Governments around the world are becoming increasingly insolvent. Not only have they borrowed vast amounts of currency, but the citizens of those countries are beginning to wake up to the government economic recklessness for the first time.
The recent history of gold control:
  • It is worth noting that this requirement would have applied to all purchases, not just gold and silver, masking what would have been one of its primary effects: to allow the IRS to document and track precious metals transactions. Fortunately, following a public outcry from business interests, the 1099 reporting requirement was repealed this spring.
  • Earlier this month, in a stated effort to curb money laundering, the government of Austria banned gold sales over 15,000 euros. From
“A newly enacted Gold policy in Austria that restricts the free purchase of gold by individuals may just be the start of a European policy shift that might border on infringing an individual’s financial freedom.
“As per the new Austrian policies, individuals who wish to purchase gold will be restricted to purchase only 15,000 Euros worth of gold at a time making gold an officially ‘restricted’ commodity.
“Earlier, one had to just call the local Austrian bank about 2-4 days in advance and state the amount of Gold one wishes to purchase. But that has now been scrapped.”
  • Also from “Meanwhile, in Italy, top industrials and professionals have sent a letter to the government and parliament to ban all cash transactions above 300 Euros, and only permit electronic transfers!”

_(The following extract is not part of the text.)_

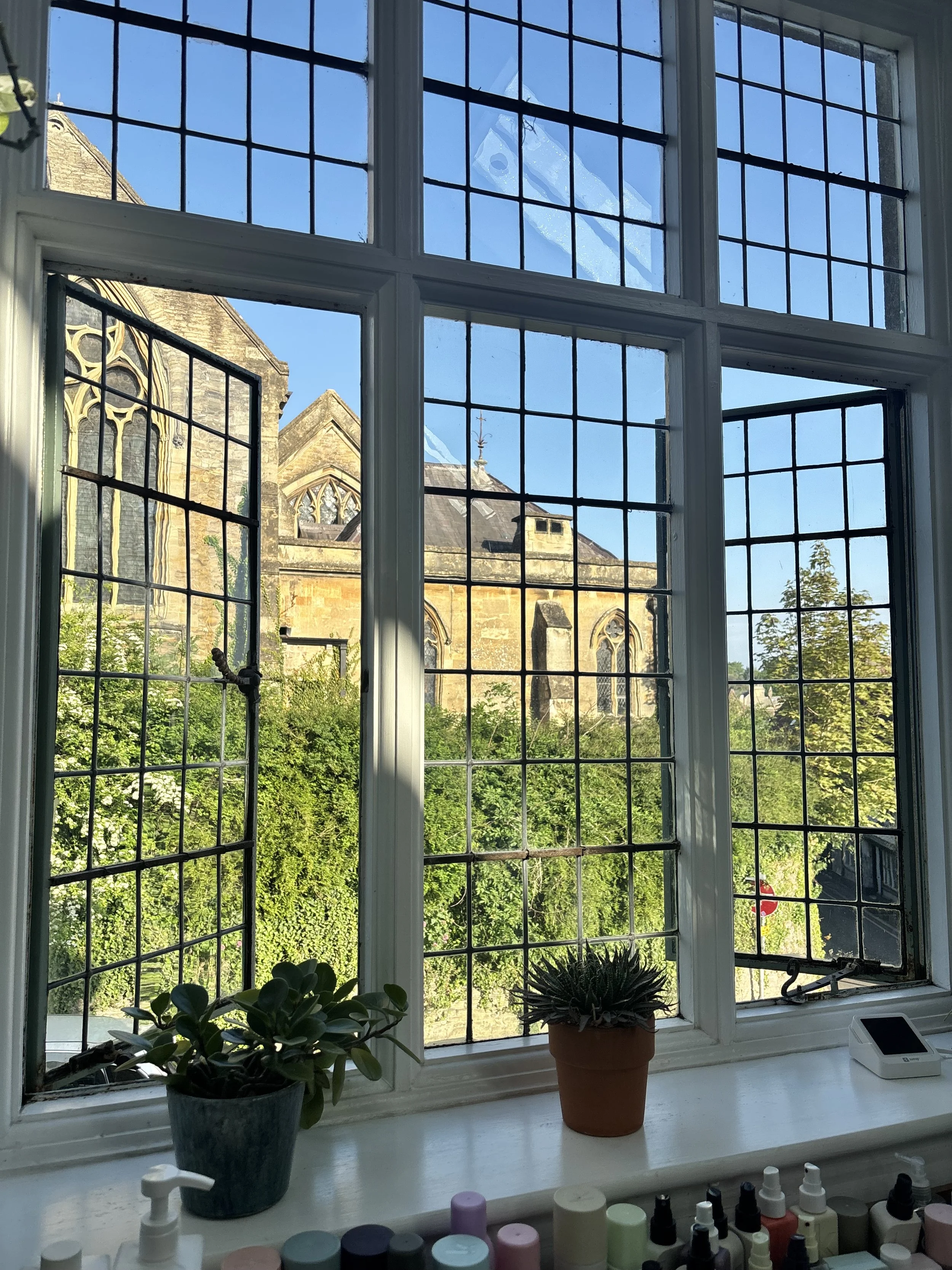 I am based at The Studio β a light-filled, peaceful, and airy loft-style space nestled in the heart of the vibrant artisan town of Frome. With its calming atmosphere, exposed wooden beams, and an abundance of lush green plants, The Studio offers a serene and inspiring environment for creativity and connection. Designed to feel both welcoming and grounded, itβs a space where natural beauty and thoughtful details come together, making it the perfect setting for creating, and for clients to unwind.

  • Now there is word from France, which will now require all metal sales over 450 euros be paid with credit card or bank wire transfer—again, supposedly to prevent money laundering.
While one incident might be dismissed as just meddlesome lawmaking, three examples indicates a budding trend. Indeed, when you combine these policy changes with the well documented gold price suppression by central banks, it all points unmistakably to a conspiracy to preserve the current monetary system.

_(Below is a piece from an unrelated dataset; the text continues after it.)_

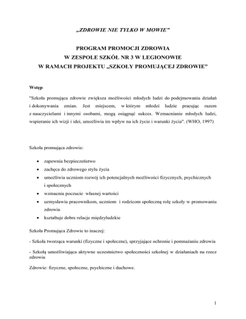 „ZDROWIE NIE TYLKO W MOWIE” PROGRAM PROMOCJI ZDROWIA W ZESPOLE SZKÓŁ NR 3 W LEGIONOWIE W RAMACH PROJEKTU „SZKOŁY PROMUJĄCEJ ZDROWIE” Wstęp "Szkoła promująca zdrowie zwiększa możliwości młodych ludzi do podejmowania działań i dokonywania zmian. Jest miejscem, w którym młodzi ludzie pracując razem z nauczycielami i innymi osobami, mogą osiągnąć sukces. Wzmacnianie młodych ludzi, wspieranie ich wizji i idei, umożliwia im wpływ na ich życie i warunki życia". (WHO, 1997) Szkoła promująca zdrowie: zapewnia bezpieczeństwo zachęca do zdrowego stylu życia umożliwia uczniom rozwój ich potencjalnych możliwości fizycznych, psychicznych i społecznych wzmacnia poczucie własnej wartości uzmysławia pracownikom, uczniom i rodzicom społeczną rolę szkoły w promowaniu zdrowia kształtuje dobre relacje międzyludzkie Szkoła Promująca Zdrowie to inaczej: - Szkoła tworząca warunki (fizyczne i społeczne), sprzyjające ochronie i pomnażaniu zdrowia - Szkołą umożliwiająca aktywne uczestnictwo społeczności szkolnej w działaniach na rzecz zdrowia Zdrowie: fizyczne, społeczne, psychiczne i duchowe. 1 Założenia W dzisiejszym, stechnicyzowanym świecie znaczący wpływ na zdrowie mają zmiany stylu życia, pracy, nauki, sposobu spędzania wolnego czasu. Promocja zdrowia, edukacja prozdrowotna i ekologiczna wpływają na osobisty i społeczny rozwój każdego człowieka już od najmłodszych lat, zwłaszcza poprzez udostępnienie informacji o zdrowiu i zmianę stylu życia. Sieć Szkół Promujących Zdrowie stwarza możliwość przekazania uczniom wiedzy i umiejętności niezbędnych do podejmowania wyborów dla poprawy zdrowia i stanu środowiska. Daje szansę planowania wszechstronnej edukacji prozdrowotnej z zastosowaniem różnych metod aktywizujących społeczność szkolną. Oprócz tego daje perspektywę korzystania z dobrych przykładów innych szkół, pozwala dzielić się wiedzą i doświadczeniem w tak ważnej dziedzinie jaką jest jakość życia człowieka. Jako szkoła mająca na celu dobro dziecka, zależy nam, aby działania prozdrowotne przyczyniły się do osobistych sukcesów zarówno uczniów, nauczycieli jak i rodziców. Takie działania z pewnością przyczynią się także do większej integracji całej społeczności szkolnej i pozwolą zaangażować w rozwój szkoły więcej podmiotów, co tym samym poszerzy zakres oddziaływania edukacji zdrowotnej. Nasza szkoła podejmuje działania promujące zdrowie. Edukacja zdrowotna stanowi ważny element programu nauczania i wychowania szkoły. Uczestniczymy w wielu programach, projektach, konkursach i kampaniach promujących zdrowy styl życia. Wszystkie podejmowane działania łączą nas z siecią szkół promujących zdrowie, dlatego przystąpienie do projektu będzie kontynuacją naszej pracy na rzecz promocji zdrowia. CHARAKTERYSTYKA PROGRAMU I. Termin realizacji: rok 2011 - 2014 II. Wybrane standardy według SzPZ: standard pierwszy: „Szkoła promująca zdrowie pomaga członkom społeczności szkolnej (w tym rodzicom) zrozumieć i zaakceptować koncepcję szkoły promującej zdrowie” standard trzeci: „Szkoła promująca zdrowie prowadzi edukację zdrowotną uczniów i pracowników oraz dąży do zwiększenia jej jakości i skuteczności” Standard czwarty: „Szkoła promująca zdrowie tworzy klimat społeczny sprzyjający: satysfakcji z nauki i pracy w szkole, osiąganiu sukcesów oraz wzmacnianiu poczucia własnej 2 wartości u uczniów i pracowników; zdrowiu i rozwojowi uczniów i pracowników; uczestnictwu, partnerstwu i współdziałaniu członków społeczności szkolnej, rodziców i osób ze społeczności lokalnej. Standard pierwszy: „Szkoła promująca zdrowie pomaga członkom społeczności szkolnej (w tym rodzicom) zrozumieć i zaakceptować koncepcję szkoły promującej zdrowie” Cele: • zrozumieć pojęcie „zdrowie”, • poznać czynniki warunkujące zdrowie, • poznać koncepcję promocji zdrowia, • poznać koncepcję szkoły promującej zdrowie, • zrozumieć korzyści z tworzenia takiej szkoły dla siebie i innych ludzi. Zaakceptować: •zaakceptować własną odpowiedzialność za zdrowie swoje, innych ludzi i tworzenie środowiska sprzyjającego zdrowiu, • aktywnie uczestniczyć w tworzeniu SzPZ. Wskaźniki I. Upowszechnianie wiedzy o koncepcji 1. Przekazywanie nowym członkom i zasadach tworzenia SzPZ i poczucie znajomości społeczności szkolnej wiedzy koncepcji tej koncepcji w społeczności szkolnej. SzPZ. 2. Dostępność publikacji na temat SzPZ. 3. Poczucie członków społeczności szkolnej, że otrzymali wystarczająco dużo informacji o SzPZ. 4. Uczestnictwo większości nauczycieli i innych pracowników i rodziców w zajęciach nt. Szpg w ostatnich 2-3 latach. 5. Wiedza większości uczniów na temat, co robi sięw szkole dla ich zdrowia i dobrego samopoczucia. Wymiary II. Zrozumienie i akceptacja koncepcji SzPZ przez członków społeczności szkolnej 1. Akceptacja koncepcji SzPZ i zasad jej tworzenia przez nauczycieli. 2. Poczucie członków społeczności szkolnej znajomości koncepcji SzPZ. 3 3. Znajomość podstawowych cech SzPZ przez nauczycieli i uczniów. 4. Zrozumienie własnej roli w tworzeniu SzPZ. Standard trzeci: „Szkoła promująca zdrowie prowadzi edukację zdrowotną uczniów i pracowników oraz dąży do zwiększenia jej jakości i skuteczności” Cele: • uświadomienie pojęcia zdrowia, • pogłębienie wiedzy o zdrowiu, zasobach dla zdrowia, czyli czynnikach zwiększających jego potencjał i zagrażających zdrowiu, • dbanie o zdrowie własne i innych, • nabycie umiejętności niezbędnych dla: kształtowania zachowań sprzyjających zdrowiu i radzeniu sobie z nowymi sytuacjami, podejmowaniu właściwych decyzji i wyborów oraz podejmowanie działań służących poprawie zdrowia swojego i innych. Założenia: • uwzględnienie wszystkich aspektów zdrowia (fizycznego, psychicznego, społecznego

The more gold becomes a coveted option for investors, the more the central governmental powers will try to control the price. Remember, gold and silver compete with fiat currencies; therefore, gold and silver are, in essence, governments’ enemies.
If you don’t own any gold or silver yet, this may be a good time to consider it. As the world economic scene grows increasingly more dire, governments’ efforts to control and regulate gold transactions will only increase.
What’s your opinion?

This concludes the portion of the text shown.